Организовать свидания с заключенными, доставить им сведения о партийной работе, о политических событиях было делом Политического Красного креста. Через него на меня, как заведующую техникой, возлагалось обеспечение связи с заключенными, организация передач для них, забота о том, чтобы они знали, в чем обвиняют круг лиц, связанных с ними. Для этого имелось много способов. Одним из них была посылка «женихов» и «невест» на свидания с заключенными. Не у всех арестованных были родные, значит, нужно было находить «женихов» и «невест». В. И. Ленин, будучи заключенным, передал через сестер, чтобы к нему тоже пришла «невеста». Незадолго до своей смерти Надежда Константиновна рассказывала: «Мария Ильинична пришла ко мне и сказала, что надо пойти к Владимиру Ильичу невесте. Я подумала — я ли должна пойти или кто другой. Я пошла, и оказалось — правильно».

Как доставлялись сведения, т. е. записки? При личном свидании их передавали при пожатии руки, при объятии и т. д.

А если свидание было через две решетки? Тогда нужно было умудриться спрятать записку в передачу. Записки, написанные мелким и мельчайшим почерком на папиросной бумаге, заделывали в то, что сейчас называется целлофаном. А затем обмазывали густо вареньем и обсыпали сахарной пудрой — делали, так сказать, искусственную «клюкву в сахаре» и эту искусственную клюкву вкладывали в купленную действительно клюкву в сахаре. Или покупали соответственное печенье, упакованное в бандероль, осторожно снимали эту бандероль, расщепляли слоистое печенье, выдалбливали луночку и вкладывали записку, а затем все водворяли на место. Или распиливали кусок пиленого сахара, выдалбливали лунку, а потом смазывали края белком и припудривали сахарной пудрой; кусочек был как целый и не отличался ничем от других. Или снимали с мандарина звездочку, протыкали стерженек, вкладывали записку, а звездочку приклеивали. Способов было много и их всячески разнообразили.

Как видно из вышесказанного, эта работа была весьма трудоемкая и хотя техническая, по В. И. Ленин всегда говорил, что во всякой технической работе есть доля политики, что нет мелочей в революционной работе.

На мне также лежала обязанность получения паспортов. Это было не простое дело. Большую помощь нам оказывал знакомый М. И. Калинина — старший дворник Конон Демьянович Савченко, живший недалеко от меня, на Воскресенском проспекте (ныне проспект Чернышевского). Он был на хорошем счету у полиции. Все старшие Дворники, как и швейцары, состояли, как правило, на службе у полиции, и, следовательно, за ними не следили. И когда случалось что-нибудь экстренное, например нет У меня явки, нет возможности спрятать на ночь приезжего, я спокойно шла к Конону, и он в дворницкой прятал товарища. Когда кто-нибудь из жильцов дома умирал в больнице, на обязанности старшего дворника лежало получить обратно его паспорт. Многие паспорта покойников, которые получал Конон Савченко и его ближайшие друзья — старшие дворники, попадали через Конона к нам. Это были так называемые «железные паспорта». В случае запроса, выдан ли паспорт на имя такого-то, ответ был бы утвердительным, значит, человек может спокойно жить по этому паспорту. Когда Конон ходил в больницу получать паспорта покойников, некоторые соседние дворники просили его: «У меня такой-то жилец помер, возьми его паспорт». Бывало, возвращаясь из больницы, он говорил: «Знаешь, твоего паспорта нет, потеряли его». А сам, конечно, сохранял его для партии.

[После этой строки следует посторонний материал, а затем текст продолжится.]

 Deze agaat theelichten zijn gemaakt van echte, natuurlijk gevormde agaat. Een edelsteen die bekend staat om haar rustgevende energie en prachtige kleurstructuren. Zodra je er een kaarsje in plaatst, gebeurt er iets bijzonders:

Вся «техника» требовала очень много времени, точности и сил, так что в бытность мою в Петербурге пропагандистскую и агитационную работу я совсем не вела, если не считать той, которую проводила с учениками в воскресной школе. Что касается политических вопросов, то я, как заведующая техникой, постоянно присутствовала на заседаниях Петербургского комитета. В состав комитета входили представители агитации, пропаганды, от молодежи и от «Рабочего комитета». Последних во времена «Союза борьбы» и споров наших с «экономистами» мы называли по их печатному органу «Рабочая мысль»15 «мыслителями». На этих заседаниях происходили горячие споры между нами, искровцами, и «экономистами». С момента появления в Питере представителя «Искры» Радченко И. И., да и раньше, с начала моего знакомства с В. Ф. Кожевниковой, я стала на позицию Ленина, так как Кожевникова и Е. Н. Федорова, будучи его сторонницами, быстро привлекли меня в свой лагерь.

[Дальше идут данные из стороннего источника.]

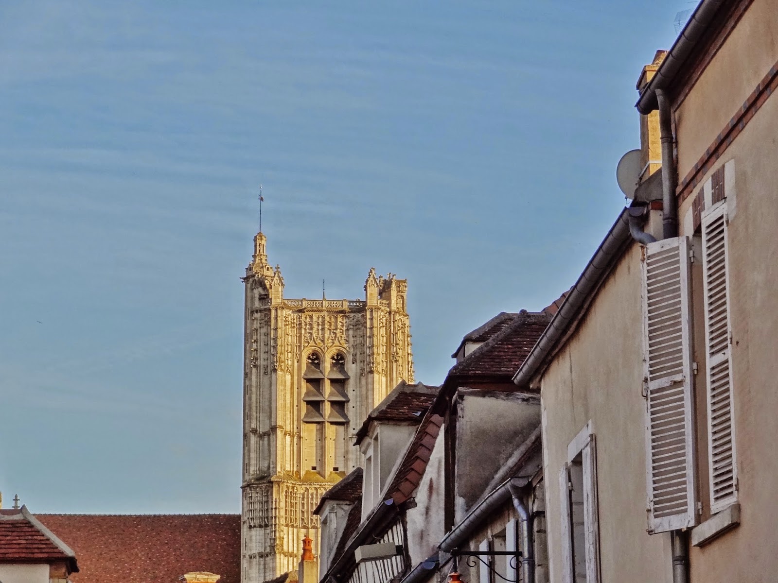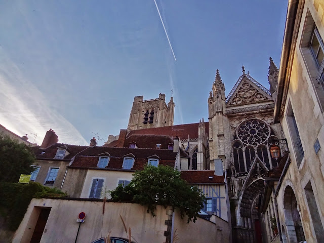 Llegamos al atardecer, por lo que solo pudimos dar un breve paseo por alguno de los puntos más importantes de Auxerre, como son la Catedral de Saint Etiennne, La Torre del Reloj y la Abadía de Saint Germain, con un recorrido parecido al reflejado en el siguiente google. maps, que sumó a las caminatas previas, otros dos kilómetros y medio a nuestras cansadas piernas.

Говоря о своей организационной работе, необходимо указать, что в те времена она была тесно связана с политикой.

Как иллюстрацию этого могу привести факт, который касается подготовки ко II съезду партии.

Положение в Питере тогда было сложное. В городе действовали два Петербургских комитета: искровский и примиренческий. Кроме того, был Комитет Рабочей организации16, называвший себя иногда Петербургским «Союзом борьбы за освобождение рабочего класса». Каждая из этих организаций претендовала на исключительное право представительствовать на съезде. Для того чтобы определить правомочность каждой из них, был создан так называемый третейский суд. Вопрос об искровском комитете и «Союзе борьбы» был решен сразу: каждая из этих организаций получала по одному мандату. Сомнения возникли лишь в отношении так называемых литераторов. Это была группа во главе с редактором листков М. Я. Лyкомским, о которой я говорила выше, отколовшаяся от Петербургского комитета; она стала громко именовать себя ПК РСДРП и претендовала на самостоятельное представительство на II съезде партии. Мне пришлось идти на заседание «третейского суда», где решались вопросы, и политические, и организационные. Отвечая на них, я показала, что претензии примиренчески настроенных «литераторов» на посылку делегата не имеют под собой никакой почвы, они совершенно не связаны с рабочими и представляют лишь самих себя.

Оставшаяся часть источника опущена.